I'm not sure what wireless card is in it but it's a Sony Vaio and it's Windows 7? 
I tried to connect using a different laptop too but that also showed limited connectivity!


----------



## Masterchiefxx17

*Re: Wireless Range Extender Not Working*

Go back to www.mywifiext.com and go under the maintenance tab.

Is the extender connected to the router? It should say Connected.

Next go under the advance tab and make sure the *Enable Wireless Access Point* box is ticked.


----------



## rmurray

*Re: Wireless Range Extender Not Working*

Hi, thank you so much for helping! 
I can't actually get onto www.mywifiext.com anymore it keeps redirecting me to support.netgear.com


----------



## TheCyberMan

*Re: Wireless Range Extender Not Working*

The guide you need is below to mywifiext.com:


How to setup your NETGEAR WN3000RP Universal WiFi Range Extender?

Wait for the led to light up and turn green before you start the configuration.

Choose the ssid of your ADSL modem/router for your existing network and then follow the instructions.

After following the guide and re-booting the router.
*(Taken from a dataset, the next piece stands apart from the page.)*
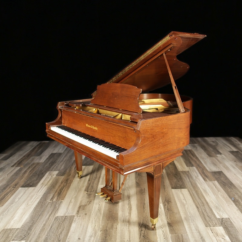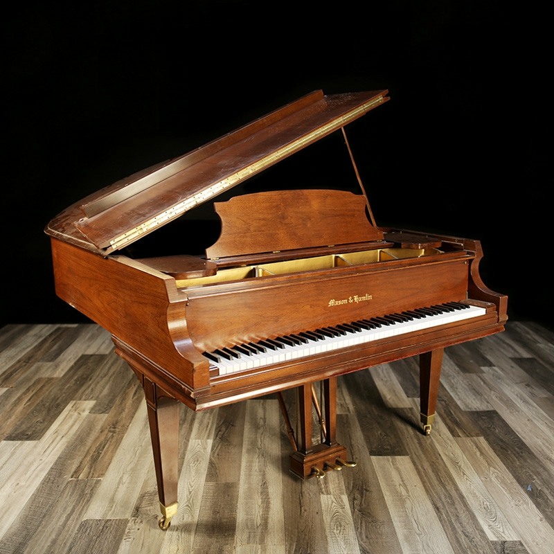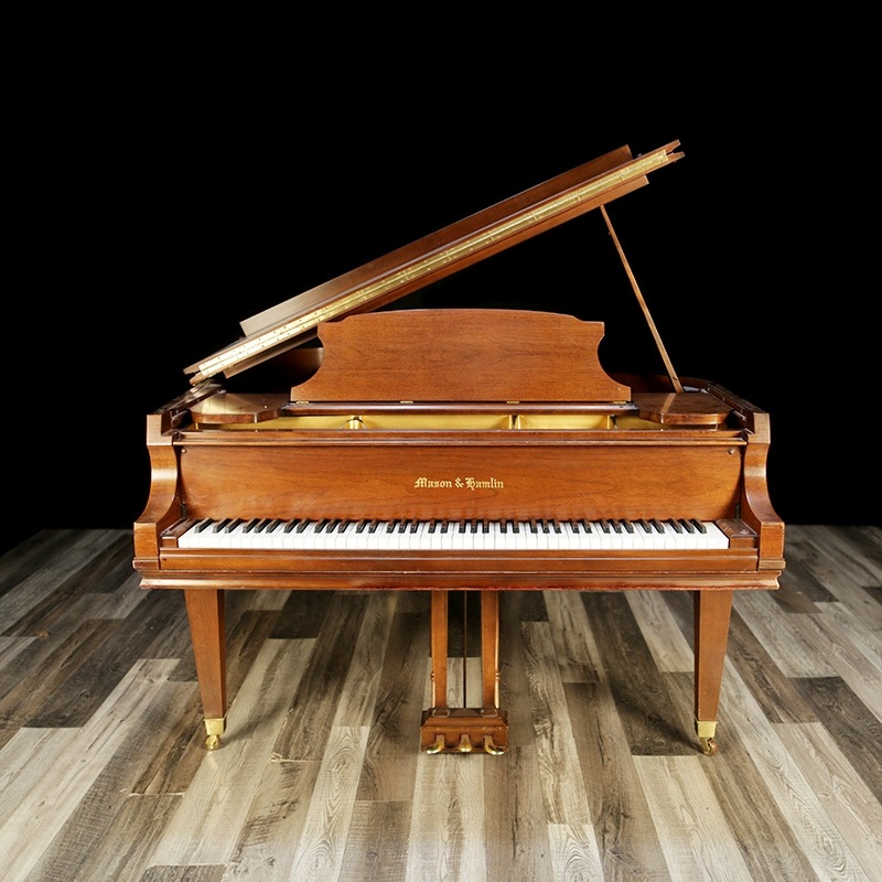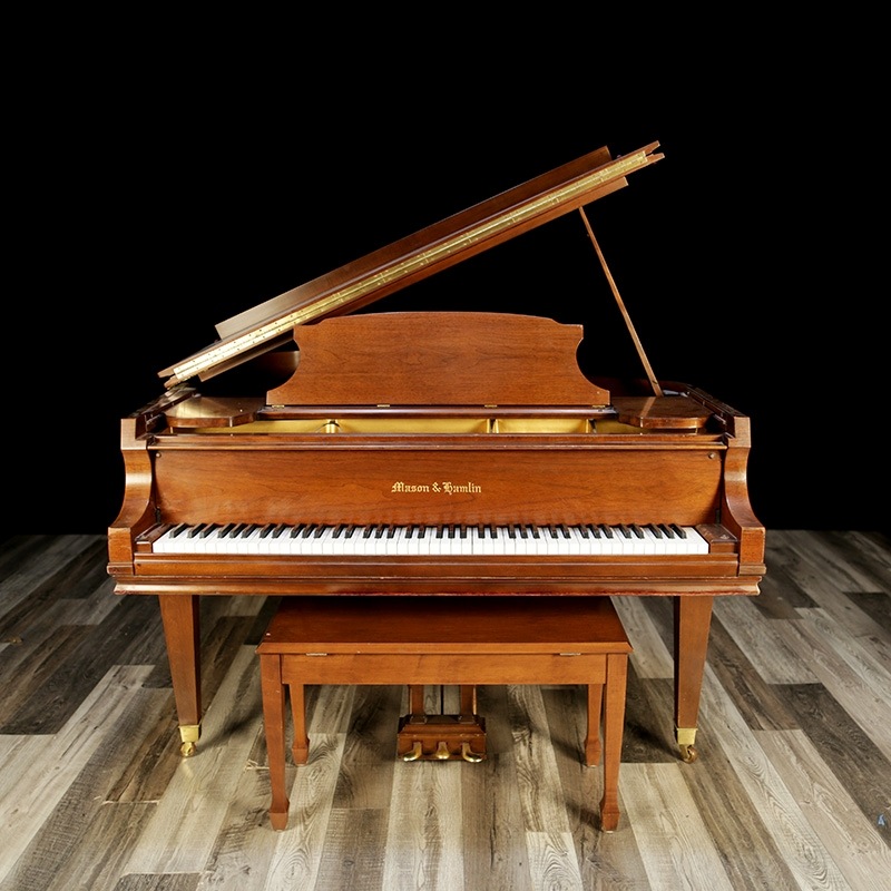 This Mason & Hamlin Model A has a Walnut veneer and an excellent original soundboard. Mason pianos are known for thunderous low end and bell-like highs. Contact us to find out how we can adjust the tone to your liking. Includes wood top bench shown.

Go into your TCPIPv4 settings for the wireless connection by going to:

start>control panel>Network and sharing centre>change adapter settings and right click the Wireless Network connection>properties, highlight Internet Protocol Version TCPIPv4>properties>advanced under default gateway click add and input the ip address of the extender in here click ok and ok again.

Power cycle all devices.

Turn on main modem or modem/router first wait for lights to stabilise.

Turn on range extender wait for lights to stabilise.

Turn on computer wait until fully booted inputting credentials to log on.

Clcik on extender SSID input the the wireless network key.

If the key is a passphrase it can be inputted as written.

If the key is a pre-shared key which will be 26 characters long minimum then three things to remember:

1. All letters to be capitals.
2. No spaces.
3. Anything that looks like the letter "o" is in fact a zero.


----------